■ WORK REQUEST ■
Please set down, with no changes, every line of the material below from the one containing "Custom One Love" through the end. Skip the pictures.

■ DATA SHOWN ■
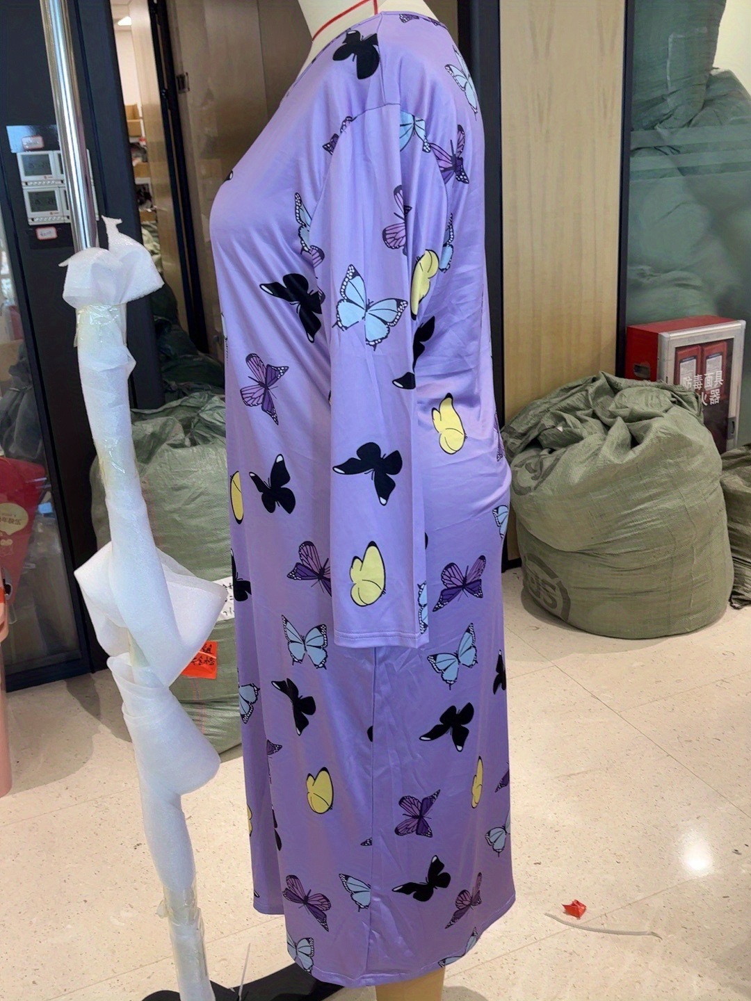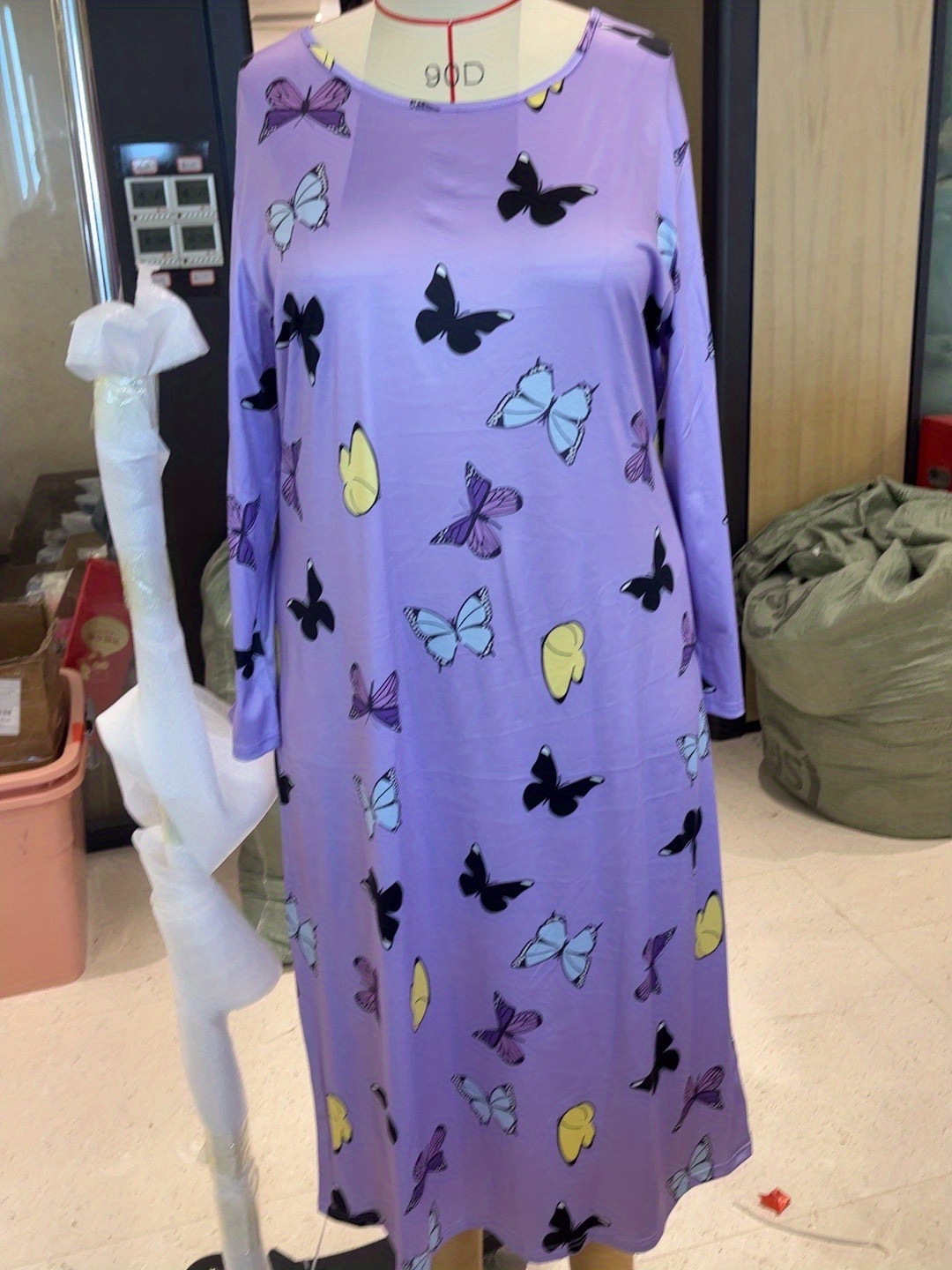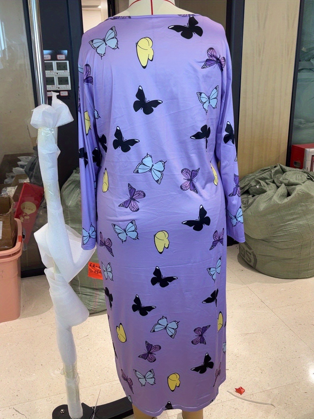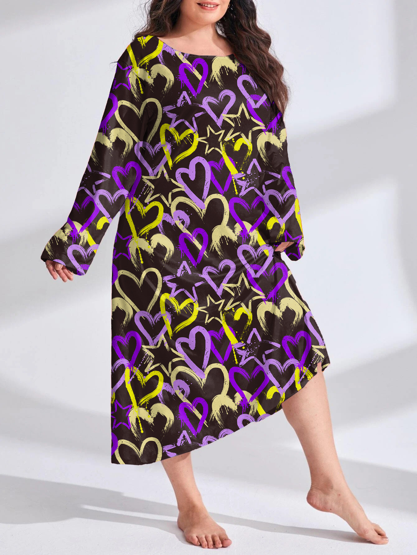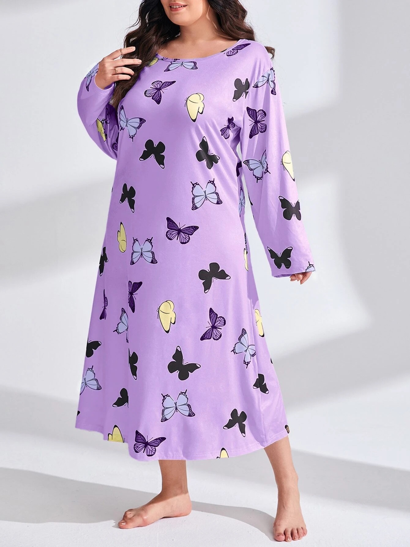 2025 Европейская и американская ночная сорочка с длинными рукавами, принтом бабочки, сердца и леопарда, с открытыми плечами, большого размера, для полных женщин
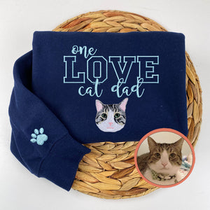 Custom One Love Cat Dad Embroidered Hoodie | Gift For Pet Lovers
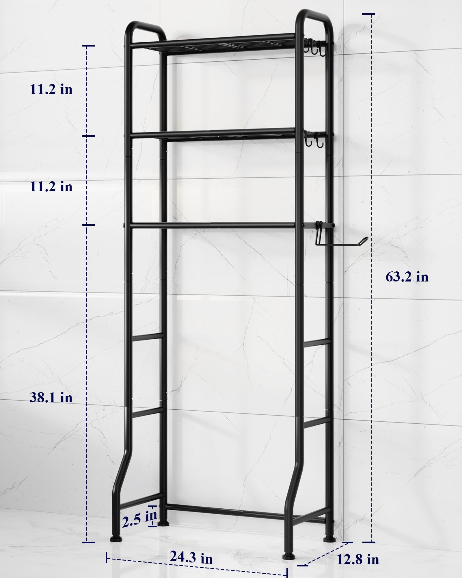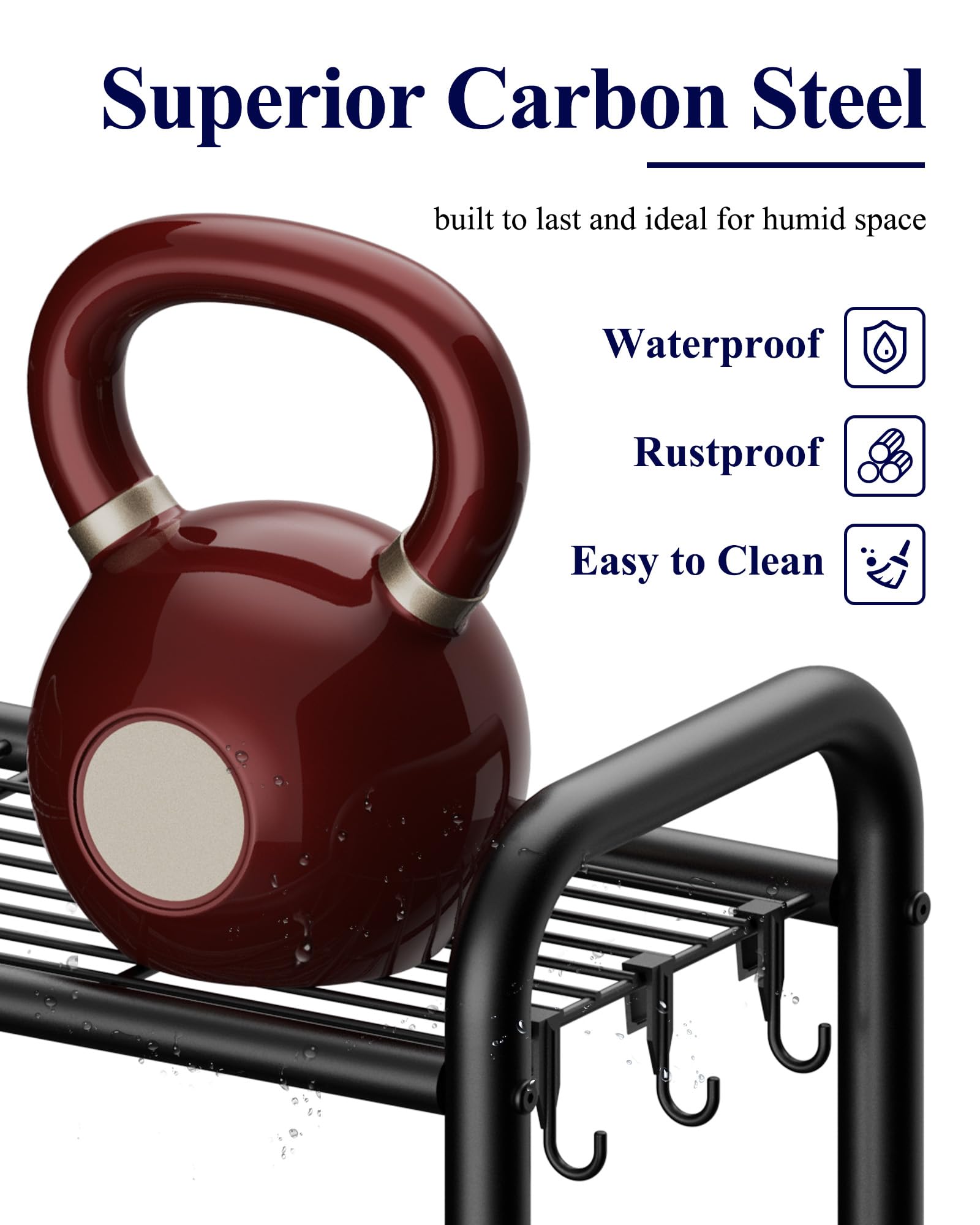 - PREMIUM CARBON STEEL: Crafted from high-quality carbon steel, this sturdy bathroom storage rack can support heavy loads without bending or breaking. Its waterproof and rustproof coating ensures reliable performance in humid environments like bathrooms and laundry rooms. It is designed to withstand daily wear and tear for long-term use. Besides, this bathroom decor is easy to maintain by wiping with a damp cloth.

■ WRITTEN SOLUTION ■
 Custom One Love Cat Dad Embroidered Hoodie | Gift For Pet Lovers
 - PREMIUM CARBON STEEL: Crafted from high-quality carbon steel, this sturdy bathroom storage rack can support heavy loads without bending or breaking. Its waterproof and rustproof coating ensures reliable performance in humid environments like bathrooms and laundry rooms. It is designed to withstand daily wear and tear for long-term use. Besides, this bathroom decor is easy to maintain by wiping with a damp cloth.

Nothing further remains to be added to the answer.